With this in mind, I've started thinking about a methodology. Now the presentation and paper itself are aimed at the Oracle DBA audience, with the idea being that this might offer them a couple of alternatives to the creation of a number of materialized views to support queries in a data warehouse. Given the audience, I'll need to explain how analytic workspaces and materialized views using grouping sets work, and create the objects using scripts and the command line rather than using GUI tools such as Analytic Workspace Manager. As the focus is going to be on alternative aggregation techniques to support star schemas, we won't bother with OLAP query tool-specific stuff like the OLAP API, and we'll create SQL views over the analytic workspace so that it can be queried using regular SQL, giving it the same SQL interface as a regular star schema - the idea being that if the claims turn out to be correct, it'll be a "slot in" replacement for the star schema and materialized view, with no changes needed to be made to any other applications.

The first bit of work I did was to come up with a sample dataset. Ideally, I'd use on that's readily available to everyone, and so the fairly obvious candidate was the SH ("Sales History") sample schema that comes with the Oracle 9i and Oracle Database 10g databases. The other part to this though was that the sample dataset had to be big enough to (a) normally take enough time to aggregate and query to give some scope for improvement, and (b) reasonably compare in size to the sorts of star schemas DBAs normally look afer. So how did it size up?

The first thing I did was connect to the SH schema and run some table counts. The database version is Oracle 10.2.0.2.0 running on Microsoft Windows XP 32-bit, within a Parallels Desktop virtual machine under OS X.

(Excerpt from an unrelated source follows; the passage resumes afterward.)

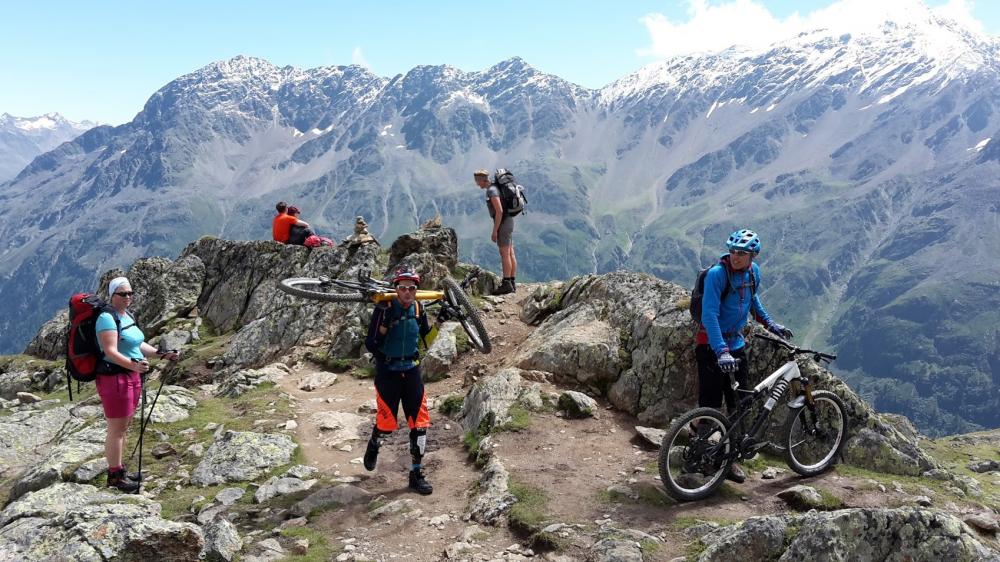 auf der Straße hoch zum Timmelsjoch (2509m). Die Straße zwischen Sölden und Gurgl ist super nervig, da viel los und einige Tunnels/Galerien. Ab der Mautstelle wars aber ganz nett zum Hochfahren. Oben Pause und dann in den Wanderweg wieder zurück. Urweg Timmelstal. Teilweise sehr schön, teilweise anspruchsvoll. An der Abzweigung Richtung Zwieselstein, evtl. waere aber der Weg zum Sahnestüberl besser gewesen. Und dann Richtung Zwieselstein. Auf unserem Trail musste man mehrfach abwärts schieben/tragen, da sehr steil/verblockt. In Zwieselstein wieder auf schönem Flusstrail nach Wildmoos. Kurz hoch und netten Abschlusstrail nach Sölden. Und dann mit der Ötztalkarte noch einmal mit der Gondel rauf und den Flow/Pump-Trail runter. Diesmal sogar das schwarze Stück. Geil!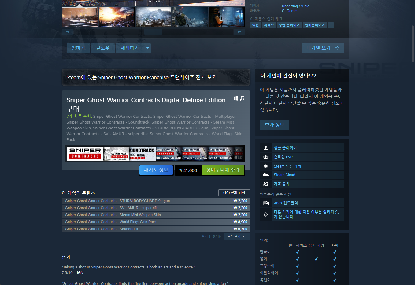 "Sniper Ghost Warrior Contracts" - Steam 스팀 게임 페이지

SQL*Plus: Release 10.2.0.1.0 - Production on Thu Sep 7 08:43:11 2006

Copyright (c) 1982, 2005, Oracle. All rights reserved.

Connected to:
Oracle Database 10g Enterprise Edition Release 10.2.0.2.0 - Productio
With the Partitioning, OLAP and Data Mining options

SQL> select count(*)
2 from sales
3 /

COUNT(*)

918843

SQL> select count(*)
2 from customers
3 /

COUNT(*)

 55500

SQL> select count(*)
2 from times
3 /

COUNT(*)

  1826

SQL> select count(*)
2 from promotions
3 /

COUNT(*)

   503

SQL> select count(*)
2 from channels
3 /

COUNT(*)

     5</pre>

OK, so the main fact table has around 918,000 rows, there are 55,000 customers, 72 products, 1826 time periods, 503 promotions and 5 channels. I wonder how big the tables are currently?

SQL> select segment_name, segment_type, sum(bytes)/1024000 "SIZE_IN_MB"
  2  from   user_segments
  3  where  segment_name in ('SALES','CUSTOMERS','PRODUCTS','CHANNELS','TIMES','PROMOTIONS')
  4  group by segment_name, segment_type
  5  /

SEGMENT_NAME SEGMENT_TYPE SIZE_IN_MB


PRODUCTS TABLE .064
CUSTOMERS TABLE 12.288
SALES TABLE PARTITION 16.256
TIMES TABLE .512
CHANNELS TABLE .064
PROMOTIONS TABLE .512

6 rows selected.

OK, that's no so promising. The main SALES fact table is only 16MB in size, most fact tables I come across are much bigger than that. Having said that, what we're going to compare now is the time it takes to aggregate this fact table using its dimension tables, so the basic size of the fact table probably won't be the major factor here, it'll be the number of dimensions, the levels within them and the overall total number of possible aggregation possibilities that'll be the major factor. At the back of my mind though I'll have to keep the source table size in mind, in case it starts to undermine the credibility of the tests.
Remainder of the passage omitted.